# Urdu: Are snacks called short eats in Pakistan?



## teaboy

Snacks are often called short eats in India.  Is that term used in Pakistan, or in Urdu?


----------



## Cilquiestsuens

teaboy said:


> Snacks are often called short eats in India. Is that term used in Pakistan, or in Urdu?


 
What ? Never heard the term. I don' t think it is called so in PK, let's wait for more opinions.


----------



## panjabigator

Never hear "short eats" in India.  Several questions:
1) Where in India did you hear this?
2) What kind of snacks?  Pakoras?  Chaat?

Ok, time to have me some "big eats".


----------



## lcfatima

Teaboy: In which context or speech community in India did you hear people calling snacks 'short eats'? 
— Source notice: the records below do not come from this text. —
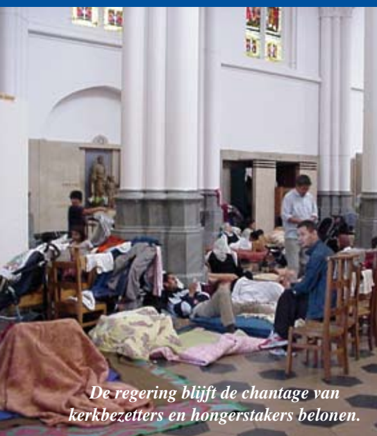
De regering blijft de chantage van kerkbezitters en hongerstakers belonen.

Minister van Binnenlandse Zaken Dewael (Open VLD) verklaarde onlangs dat hij op drie jaar tijd maar liefst 30.000 illegale vreemdelingen heeft geregulariseerd. Dat is ongeveer evenveel als de totale bevolking van Dewaels eigen stad Tongeren. De SPA en Groen
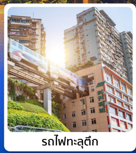
รถไฟฟ้าลูตึก
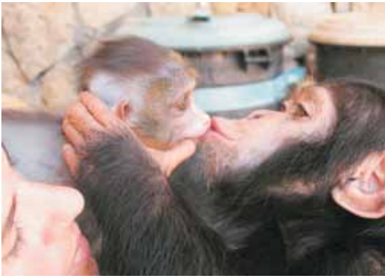
התמונה הזוכה בתחרות הצילום.

מהספארי סיפרה במושב חינוך על "ערב חלומי בגן החיות" ובאותו מושב, דיבר יהודה גת על מערכת החינוך החדשה בגן גורו. במושב טיפול ווטרינריה סיפר דניאל אבו חיר מגן החיות הלימודי חיפה על התערבות צוות הגן בקבוצת הבבונים. כחלק מרעיון החיבור בין גני החיות, התקיימה גם תערוכת צילום בנושא "יום בגן החיות". כל גן חיות הציג שלוש תמונות שתיארו את הקשר החזק בין העובדים והמבקרים ובין בעלי החיים. התמונות היפהפיות הטיבו לתאר את האהבה והמחויבות של העובדים למטרות גן החיות: טיפול הולם בבעלי החיים, חינוך, ואהבה. לאחר המושבים המקצועיים הזמנו המשתתפים
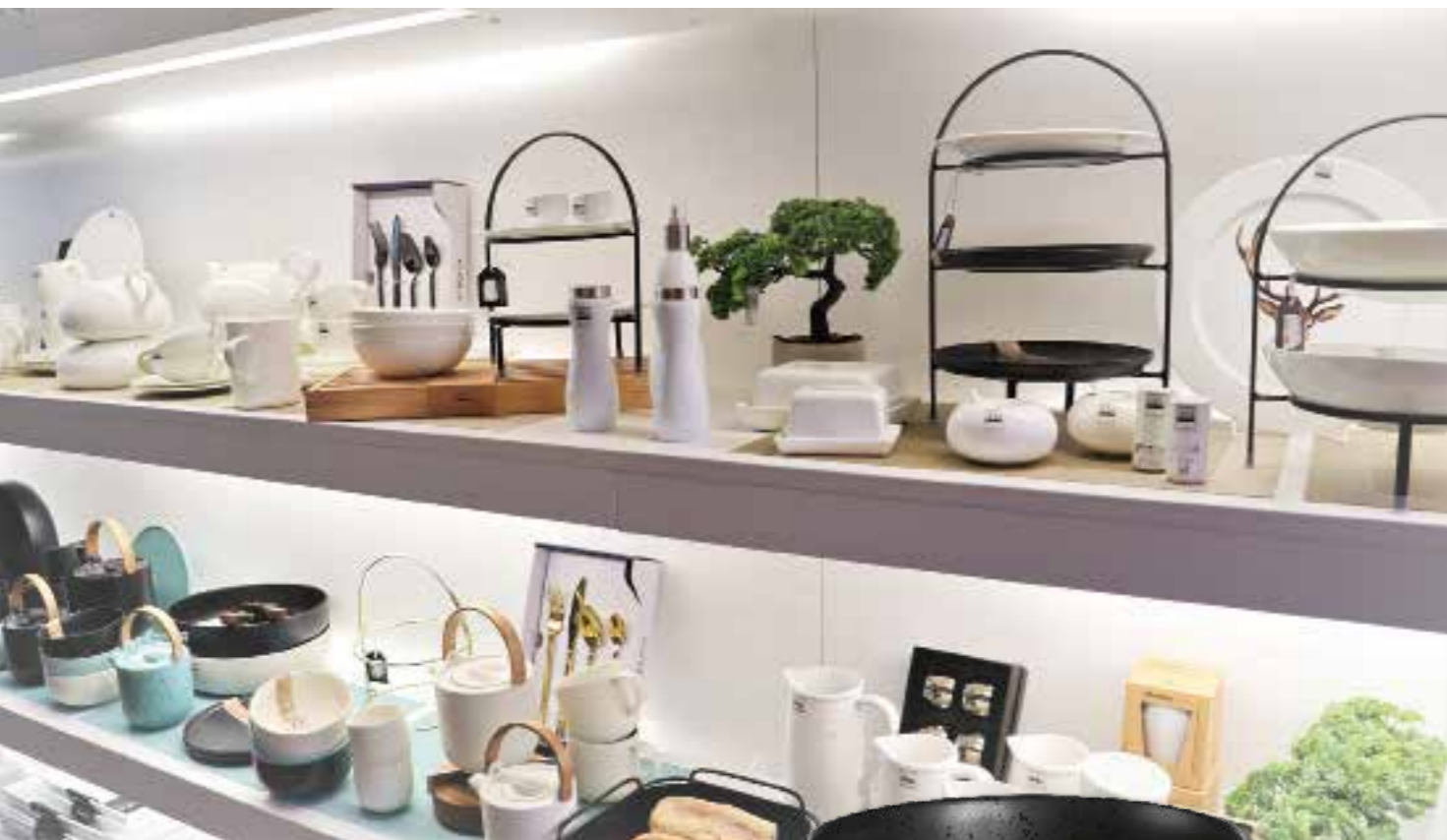
Ein breites Sortiment für den gedeckten Tisch

Gute Laune, Spaß an hochwertigen Produkten und kenntnisreiche Beratung gibt es im Fachgeschäft für gehobenen Küchenbedarf, Gourmet- und Geschenkartikel „Ambiente Gourmet“ in Hildesheim garantiert gratis zum Einkauf dazu! Umdenken, Neues ausprobieren und dabei immer den Kunden im Blick haben, darauf bauen die Inhaber Dagmar und Marc Wechler.
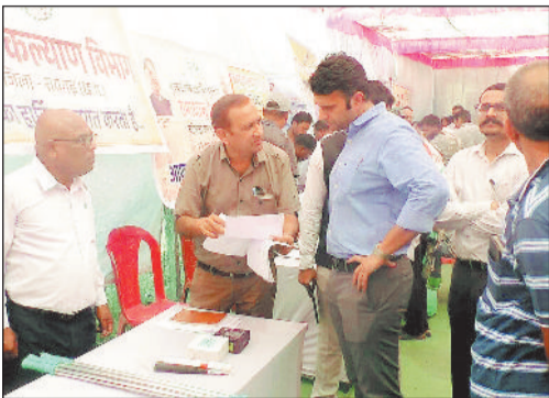
स्टॉल का निरीक्षण करते कलेक्टर।
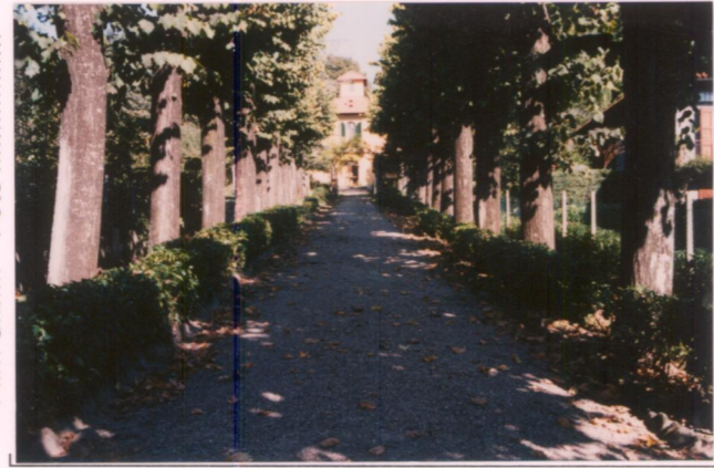
Film 647... Foto 17
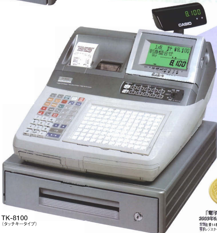
TK-8100 (タッチキータイプ)
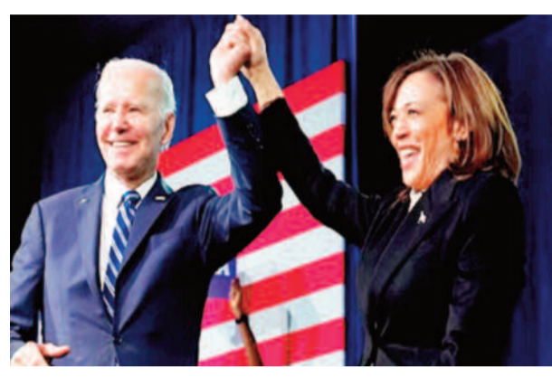
एक प्रेस कॉन्फ्रेंस के दौरान राष्ट्रपति जो बाइडन की जुबान फिसल गई थी। उन्होंने गलती से कमला हैरिस को पूर्व राष्ट्रपति ट्रम्प के रूप में उल्लेखित किया था, उन्होंने कहा, मैं ट्रम्प को उपराष्ट्रपति के रूप में नहीं चुनता, क्या मुझे लगता है कि वह राष्ट्रपति बनने के योग्य नहीं हैं।

वाशिंगटन। अमेरिका की पहली अश्वेत अमेरिकी और पहली दक्षिण एशियाई अमेरिकी और मौजूदा समय में उपराष्ट्रपति कमला हैरिस को लेकर अमेरिकी राष्ट्रपति जो बाइडन ने बड़ा बयान दिया है। जो बाइडन ने अपने बयान में कहा कि उनकी डिप्टी, उपराष्ट्रपति कमला हैरिस, देश का नेतृत्व करने के लिए योग्य हैं। एक हाई-स्टेज प्रेस कॉन्फ्रेंस में बाइडन ने कहा, शुरू से ही मैंने इस बारे में कोई संदेह नहीं किया। वह राष्ट्रपति बनने के योग्य हैं। इसलिए मैंने उन्हें चुना।
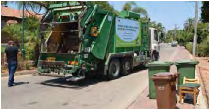
פעילות הטמעת הפרדת אשפה בישובים ובבתי הספר

במרץ 2013 החל לפעול פיילוט מועצתי להפרדת פסולת לשני זרמים, כלומר, הפרדת הפסולת האורגנית בבתי התושבים והעברתה מופרדת לאתר קומפוסטציה. את המהלך מובילה מחלקת תברואה ואיכות הסביבה כחלק מהשאיפה של המועצה לניהול יעיל, חסכוני וסביבתי. ואכן להפרדת הפסולת האורגנית תרומה משמעותית לאיכות הסביבה. פסולת אורגנית שהופרדה במקור (בבתים) מגיעה לאתר הקומפוסטציה כשהיא נקייה מחומרים רעילים, היא איכותית ומשמשת לטיוב הקרקע. לעומת זאת פסולת אורגנית שלא הופרדה מגיעה לאתרי הטמנה ומייצרת זיהום סביבתי כבד (זיהום קרקע, זיהום מי תהום, מפגעי ריחות ופליטת גזי חממה). המהלך החל כפיילוט בשלושה ישובים: נוה ירק, אלישמע וגני עם . במסגרת פעילות החינוך וההסברה התקיים מהלך חינוכי תומך בשיתוף אגף חינוך נוער וספורט, מנהלי בתי הספר, מורות, גננות ומדריכי תנועת הנוער. בבתי הספר אהרונוביץ וירקון התקיימו הרצאות שכתיות בנושא לתלמידים ולמורים. פגישות נערכו עם מועצת התלמידים ו"ההנהגה הירוקה" שהפעילו ימי שיא בבתי הספר להדריכו את השכבות הצעירות. לקראת
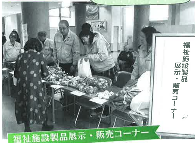
福祉施設製品展示・販売コーナー
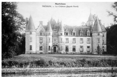
Façade nord IVR53_20045606212NUCB
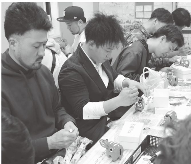
秋田建労の参加者

訪れました。飯盛山からは会津の城下町が一望でき、そこではさざえ堂と白虎隊記念館を見学しました。 さざえ堂は、「円通三匠堂（えんつうさんそうどう）」というお堂で、内部には二重らせん構造の通路があり、通路が二重になっているためお堂を上ると下る人が同じ通路ですれ違うことが無いように作られています。 白虎隊記念館では、白虎隊をはじめとする戊辰戦争に関連する様々な資料を見学しました。夜には懇親会が開かれ、北東の仲間たちと親睦を深めることができました。 2日目は、会津地方に伝わるあかべこの絵付け体験と鶴ヶ城の見学が行われました。絵付け体験では参加者それぞれ個性が光るユニークな作品が完成し
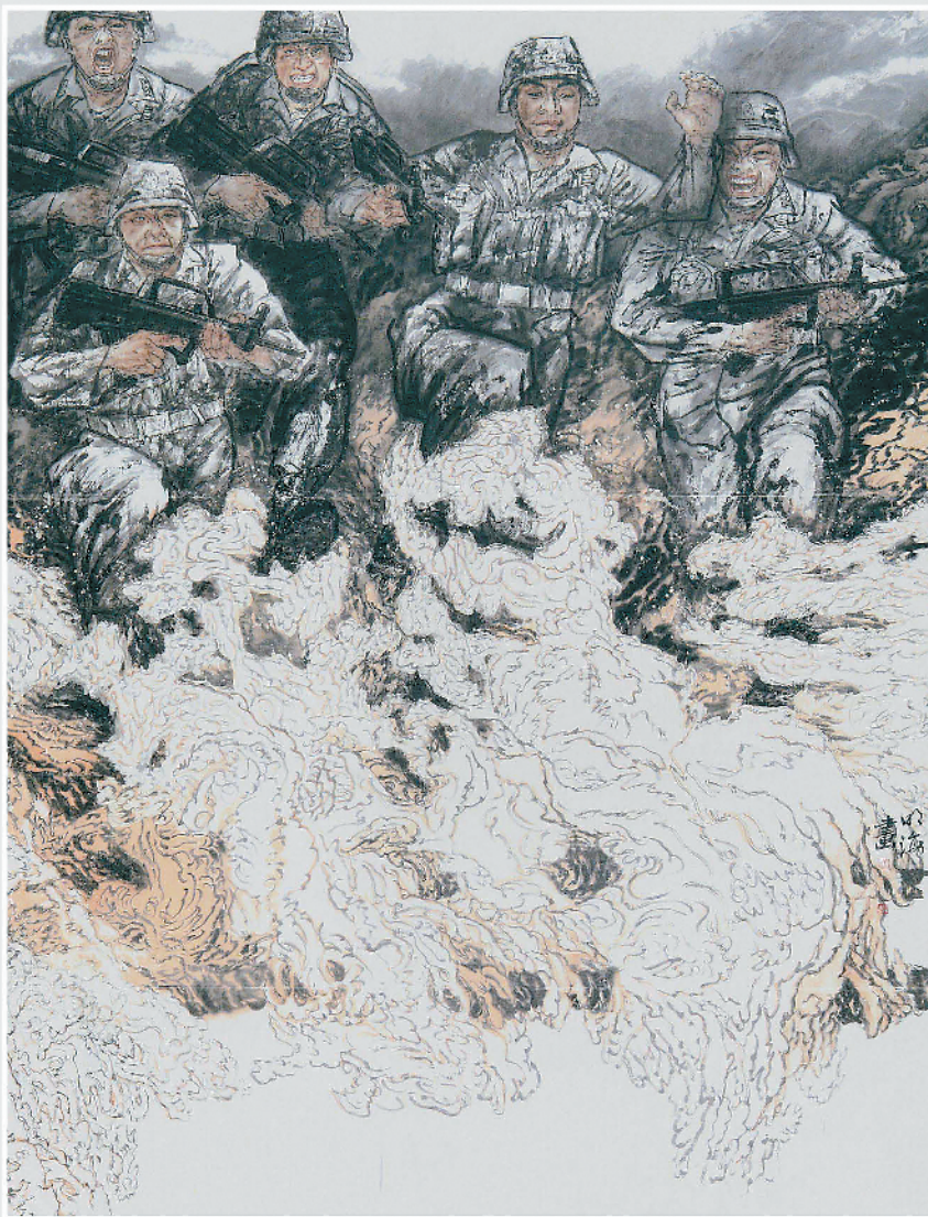
《淬火》国画 240cm × 180cm 刘明海

What would be the best or most concise term for 'snacks' in Urdu any how? I can think of some idiomatic expressions but no one term.


----------



## panjabigator

lcfatima said:


> Teaboy: In which context or speech community in India did you hear people calling snacks 'short eats'?
> 
> What would be the best or most concise term for 'snacks' in Urdu any how? I can think of some idiomatic expressions but no one term.



Which idiomatic expressions?


----------



## lcfatima

Just like "kuch halka phulka," or  "kuch chai ke saath".


----------



## Cilquiestsuens

Well, we use sometimes the term *lawaazimaat* (= necessary things) for the snacks you serve to your guests, but this is a formal and very general term which doesn't convey the same meaning as 'snacks'....

It is just another term that gives away the outstanding *mehmaan nawaazii* of _Subcontinentals_, Go live in European cities and see how people *paanii bhii nahii.n puuchhte*.

Didn't we discuss the term lawaazimaat already (in which thread? )


----------



## lcfatima

http://forum.wordreference.com/showthread.php?t=1594558&highlight=lawaazimaat

Yes I asked about lawaazimaat before in the context of ingredients necessary for a recipe.


----------



## Koozagar

I think "kuch halka phulka" is the closest to snacks. Never heard "short eats". Curious to know how it is used in a sentence. 

"snacks" is also used among the middle, upper-middle and upper-middle class people who incorporate English vocabulary in their day-to-day speech more than the lower-class or the section of the population that is educated in Urdu medium.


----------



## Cilquiestsuens

Well, I concur that *kuchh halkaa phulkaa* is the closest hit. Punjabi / Urdu / Hindi have many different ways of expressions as compared to English... I guess that the meaning of snacks could be conveyed thus too in colloquial :

*pakoRe-shakoRe*
*biskaT-shiskaT*
*nimko-shimko...*

etc...

(here I guess that using a *sh* as the first consonant of the 'echo-word' maybe due to Punjabi influence, but it is the way people speak Urdu in Lahore, you barely hear the so-called standard '*w*' as in *biskaT-wiskaT*)


----------



## Koozagar

That is very true. First consonant is very often "sh' instead of the standard 'w'.


----------



## teaboy

Perhaps "short eats" sticks in my head from trips to India.  I have seen it on menus. I may have only heard it spoken in Indian English sentences, but so often one is not sorting out the language, one is just communicating, and there is so much English ("Inglish") in aam bolchaal.


----------



## panjabigator

Koozagar said:


> I think "kuch halka phulka" is the closest to snacks. Never heard "short eats". Curious to know how it is used in a sentence.
> 
> "snacks" is also used among the middle, upper-middle and upper-middle class people who incorporate English vocabulary in their day-to-day speech more than the lower-class or the section of the population that is educated in Urdu medium.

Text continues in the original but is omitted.